How about you? Do you have any SICK Superpowers that no one else in your house possesses?
I have 11 kids. And yes, over the years I have also discovered some sick superpower skills.
1. I can close cabinet doors. This must take an amazing amount of strength since I’m the only one who seems to be able to do it.
2. Pick up trash out of the van. I can also put said trash in the appropriate receptacle (trash, recycling). Clearly a superpower.
3. Toss out food in the fridge that has become a science experiment. I haven’t figured out why that’s a hard one or why when someone discovers it they feel that they should put the experiment back in the fridge for someone else to discover.
4. Speaking of the fridge, I have the superpower to use the dregs of the ketchup, mayo and mustard before opening a fresh container. Of course, it might be because I can’t stand having 6 nearly consumed bottles of ketchup in my fridge but I’m claiming it as a superpower.
Just yesterday I knew that the cheese grater must be among the dirty dishes. Not because I had personally used it, but because when I left the house, there hadn’t been grated cheese in the fridge, but when I came home there were quiches cooling on the counter. Quiches with cheese, so therefore when I needed the grater I didn’t even look in the drawer for it. Short story long, but I think Constantly Updating Household Inventory is my superpower. And yes, my husband makes quiches while I’m driver training and shopping with our girl.
My sick superpower is sorting. I bought fancy colored shapes for the preschoolers and spent years doing sorting activities with them, but apparently I’m the only one in the house that can look at the floor and sort shoes from garbage from toys from laundry. Who knew?
I’m also the only one in my family who knows how to put a new roll of toilet paper on the roll. Also, when asked if the dishes in the dishwasher are clean or dirty, (as that person is peering into the dishwasher), I tell said person asking, ‘if you can’t tell the difference go ahead and use them.’
I know how to put away medication which is huge because my kids are all on daily meds. I also know how to swap dirty dishcloths and tea towels for clean ones. . And I have super vision that allows me to see that the bench is dirty and needs wiping down.

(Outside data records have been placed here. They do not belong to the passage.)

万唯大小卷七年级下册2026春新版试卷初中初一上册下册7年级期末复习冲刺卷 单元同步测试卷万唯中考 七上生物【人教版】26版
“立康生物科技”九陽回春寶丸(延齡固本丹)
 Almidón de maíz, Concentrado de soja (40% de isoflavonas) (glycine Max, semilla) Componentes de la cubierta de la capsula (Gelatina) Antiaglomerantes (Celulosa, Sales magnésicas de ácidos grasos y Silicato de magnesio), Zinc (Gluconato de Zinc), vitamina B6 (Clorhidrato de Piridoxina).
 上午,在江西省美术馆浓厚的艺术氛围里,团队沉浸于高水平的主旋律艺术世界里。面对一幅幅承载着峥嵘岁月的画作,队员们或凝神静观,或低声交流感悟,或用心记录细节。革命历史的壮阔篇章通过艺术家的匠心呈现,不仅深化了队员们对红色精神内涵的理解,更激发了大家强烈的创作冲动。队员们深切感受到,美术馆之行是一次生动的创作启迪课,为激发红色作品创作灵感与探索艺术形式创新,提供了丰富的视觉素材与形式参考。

My best one though is that I can find the stuff my kids have lost without even stopping to look.
If you’re up for a fun video google “very mild superpowers” – it was a song performed on a show called Spicks and Specks. I’m sure it’s been performed in other places too though. Great fun.

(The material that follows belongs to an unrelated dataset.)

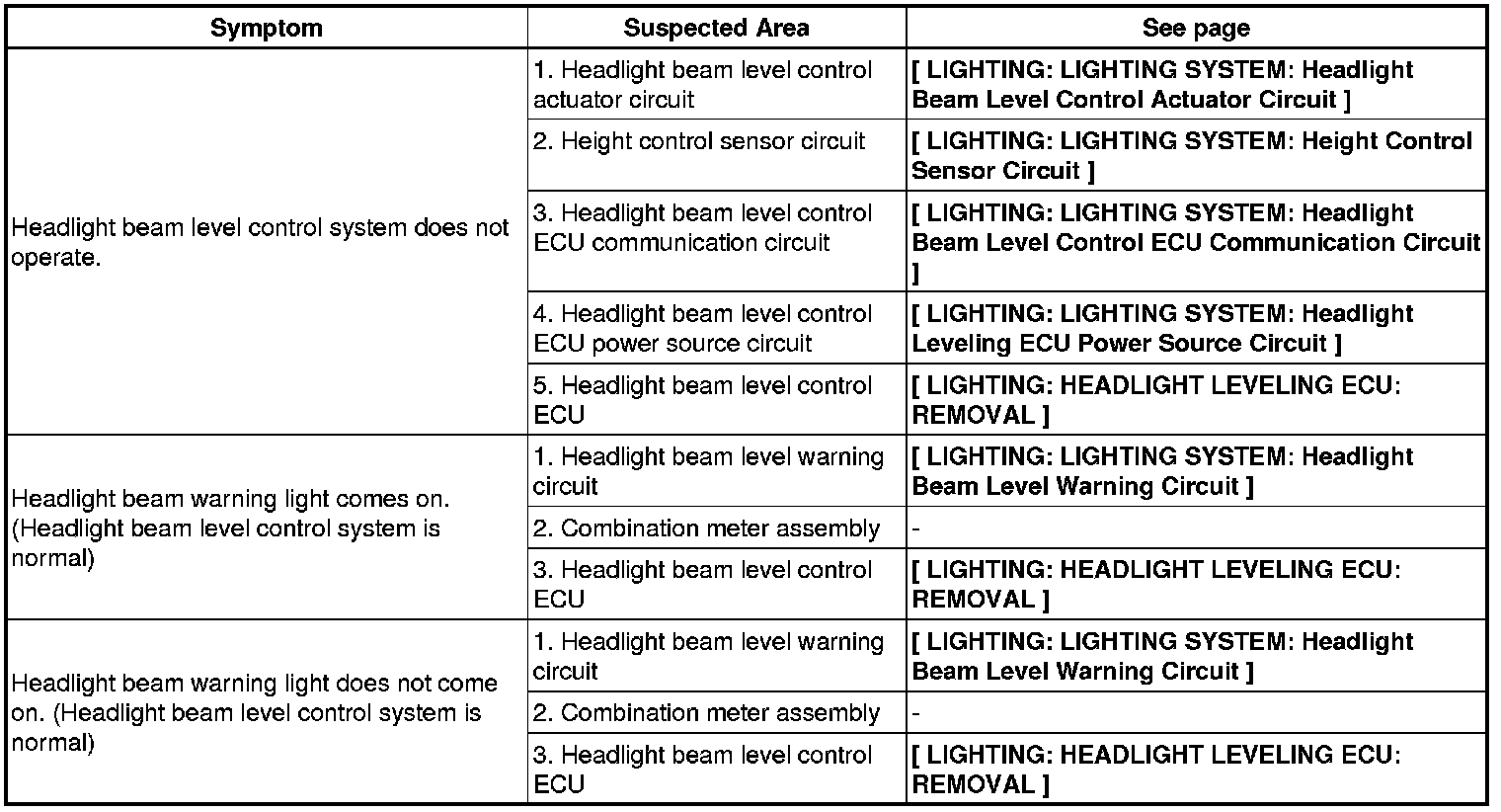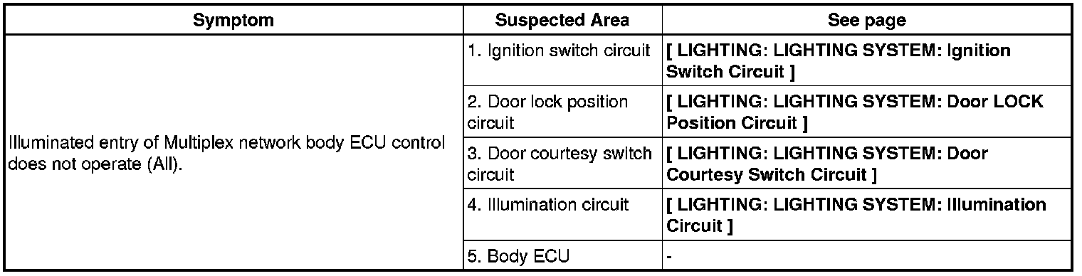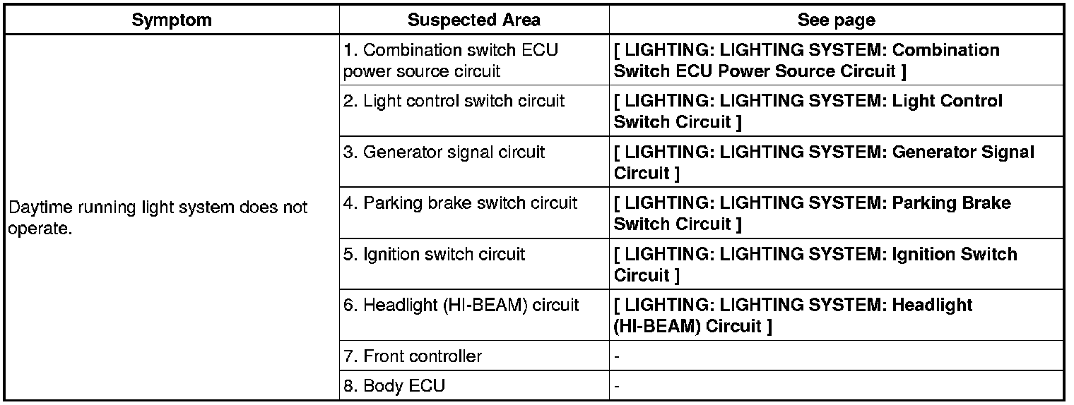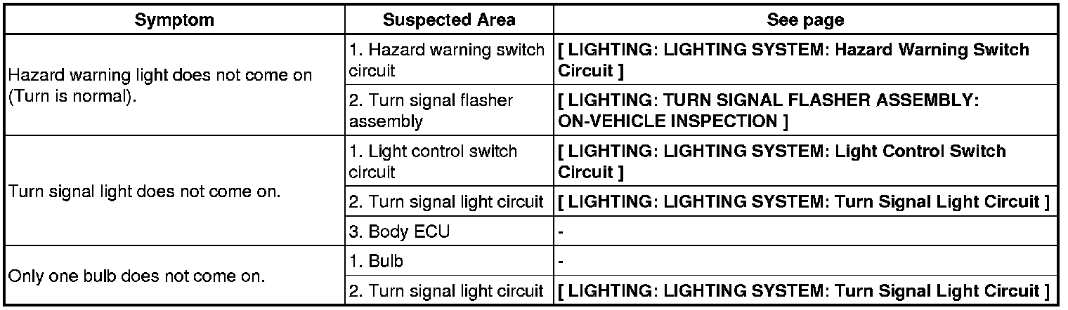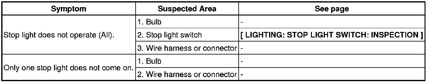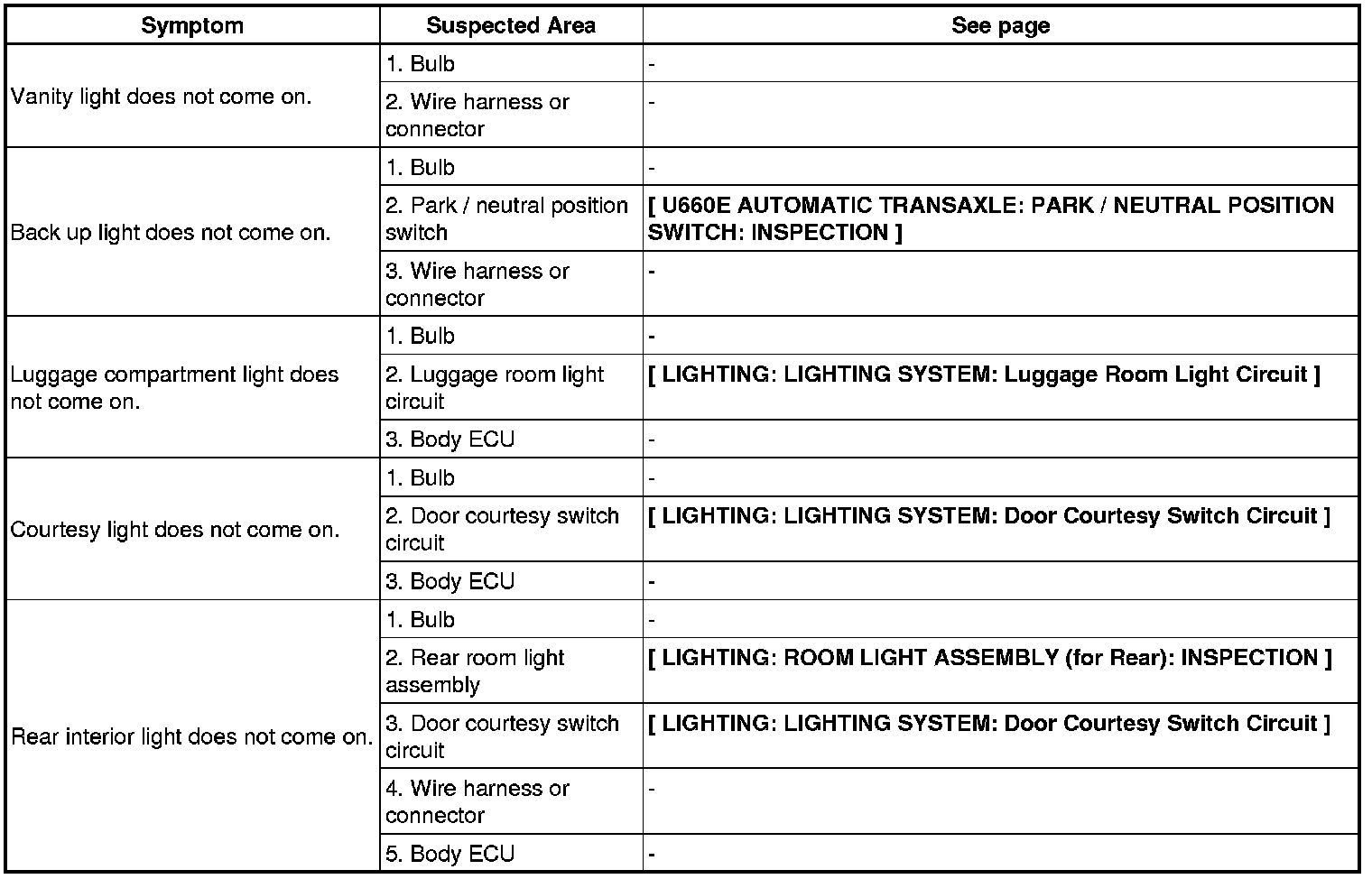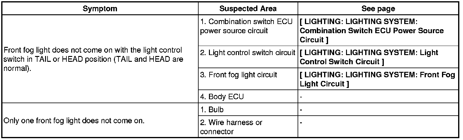 LIGHTING: LIGHTING SYSTEM: PROBLEM SYMPTOMS TABLE

1. Put the shoes on the shelves
2. Hang up coats
3. Bring mugs and glasses from living room to kitchen (we have teenagers)
4. Wipe out the microwave (how can anyone use it if it’s splattered?)

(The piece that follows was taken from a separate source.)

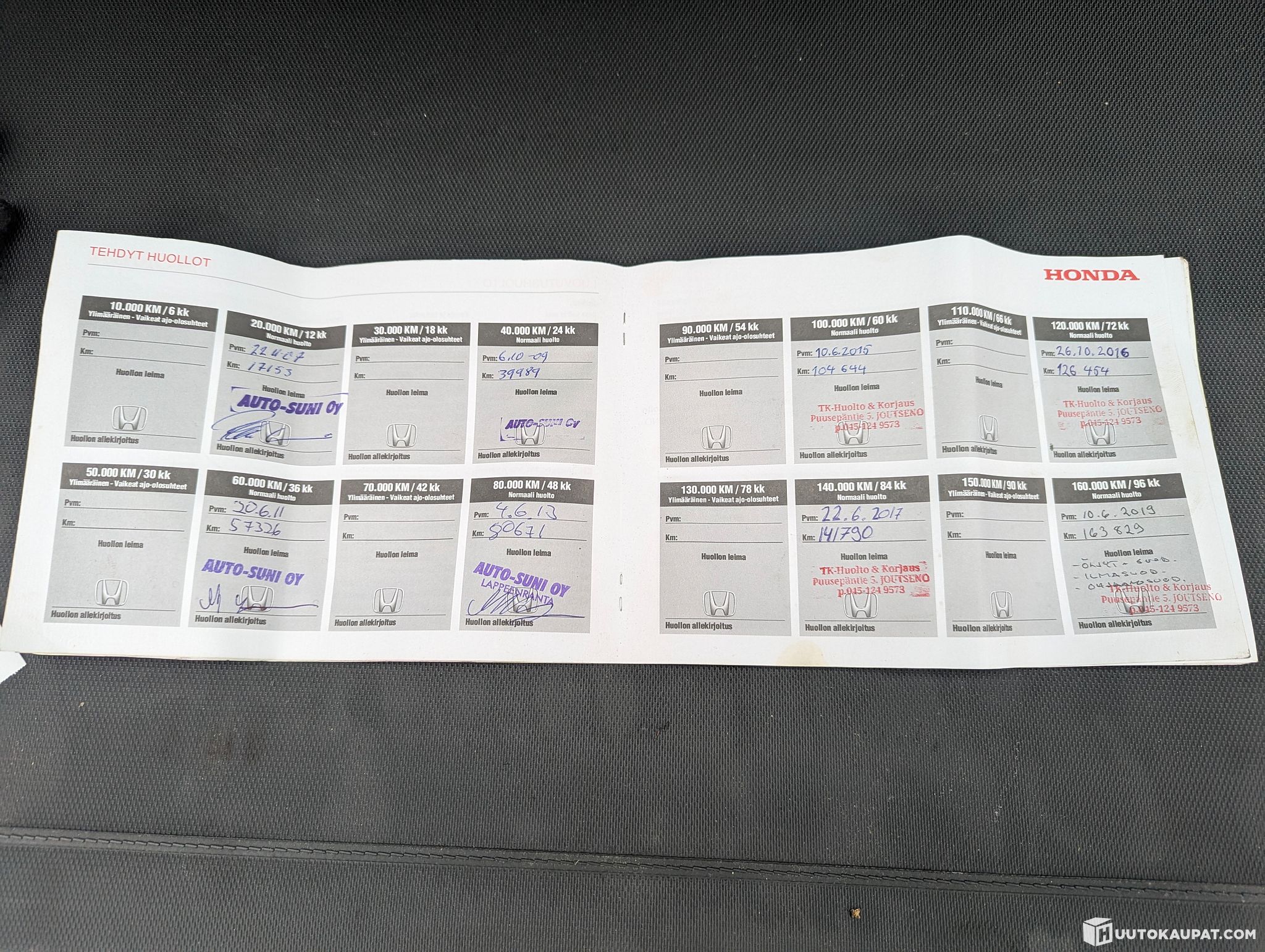 Autolla hyvä omistushistoria ja huollot tehty huoltokirjan viimeisimmän merkinnän jälkeen itse.

5. I can take care of the empty ketchup bottle instead of pretending I didn’t know it was empty and putting it back in the refrigerator. Usually.
6. Close the plastic cereal package inside the box
7. Re-close the bread with the handy little bread tie.
8. Close the refrigerator when I’m pouring a glass of milk.
But, my best superpower is to know full well that I break all of my own rules sometimes, and to be patient with the kids and ha, nag them gently!
1. I can CLOSE the bag full of bread instead of leaving it on the counter for someone else (hello, myself) to deal with the inconvenient twisty tie.
2. I can fold the blankets that my teenagers somehow can’t see.
3. I can put away the laundry basket that everyone else manages to step over except my clumsy toddler.
4. I notice the bandaid wrappers and toilet paper tubes on the bathroom floor and can actually spare thirty seconds to throw them away.
5. I can DRIVE, unlike my children. (Yes, my husband can drive, but he somehow avoids it. I think that’s his superpower.)